The API Lab

Promotion is a problem faced by every API developer. Long nights of coding have given form to the stroke of genius you had six months ago in the cafe. You’ve just written the API that will serve as the front door into your application. But how do you document this so that your peers will use it—and hopefully make you rich in the process?

Java had Javadoc, an innovation that managed to strike a surprisingly effective balance between ease of use and systematization (three cheers for strong typing and static binding). Web services “solved” the interface definition problem with WSDL, a standard only its authors could love (and some of these won’t admit to participating in conception). To the registry crowd was left the task of devising clever ways to document a SOAP API around the torturous abstractions of WSDL so that humans could grok it as effectively as the machines. Few would argue that their solutions were, well, solutions.

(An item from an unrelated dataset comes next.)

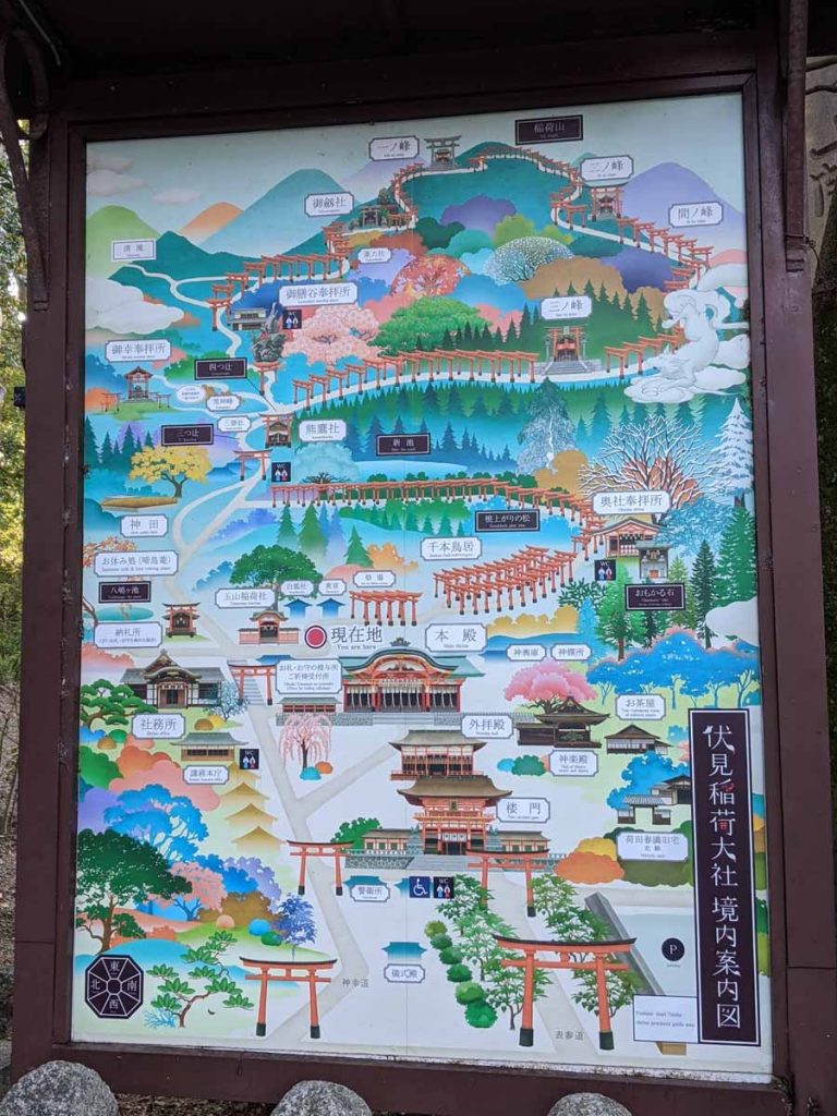 伏見稲荷大社は稲荷山をぐるっと一回りするように無数の鳥居が並びます。

RESTful APIs neither benefit nor suffer from formalized approach and automation. Every so often WADL pokes its head up, only to be knocked decisively back into its hole in a community game of Standards-Whac-A-Mole. REST is—and indeed, has always been—a style that resists any formalism that threatens its simplicity and accessibility. For this, above all, the community deserves praise.

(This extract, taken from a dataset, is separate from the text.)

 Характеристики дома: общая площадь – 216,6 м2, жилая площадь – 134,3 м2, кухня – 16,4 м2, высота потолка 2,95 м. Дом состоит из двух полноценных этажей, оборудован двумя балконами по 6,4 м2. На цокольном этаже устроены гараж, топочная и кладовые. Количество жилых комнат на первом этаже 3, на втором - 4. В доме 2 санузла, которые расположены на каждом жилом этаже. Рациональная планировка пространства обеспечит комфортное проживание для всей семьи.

But this does leave a hole around documentation. APIs tend to be described-by-wiki, which can be great or just awful, depending on a developer’s ability to write and discipline to update. Good ideas like ProgrammableWeb showcase both of these extremes; however, the site suffers in particular from out-of-date API descriptions which is too bad.

Outside of the eventual acceptance en masse of some kind of standardized wiki template for APIs (which I think is actually quite likely), we probably won’t see substantial change in API documentation soon. Minor changes, though, can still count for a lot, and it’s worth pointing these out.

Google, always an innovator to watch, create a lot of APIs. They recently published the Periodic Table of Google APIs, which as its name suggests is a clever way to visually categorize their API portfolio into groups like mobile, data, geo, etc. It’s a bit gimmicky, but it is also fun and actually inspired me to try some new Google APIs that I wasn’t aware of before.

So, isn’t it about time for more creative solutions around API documentation?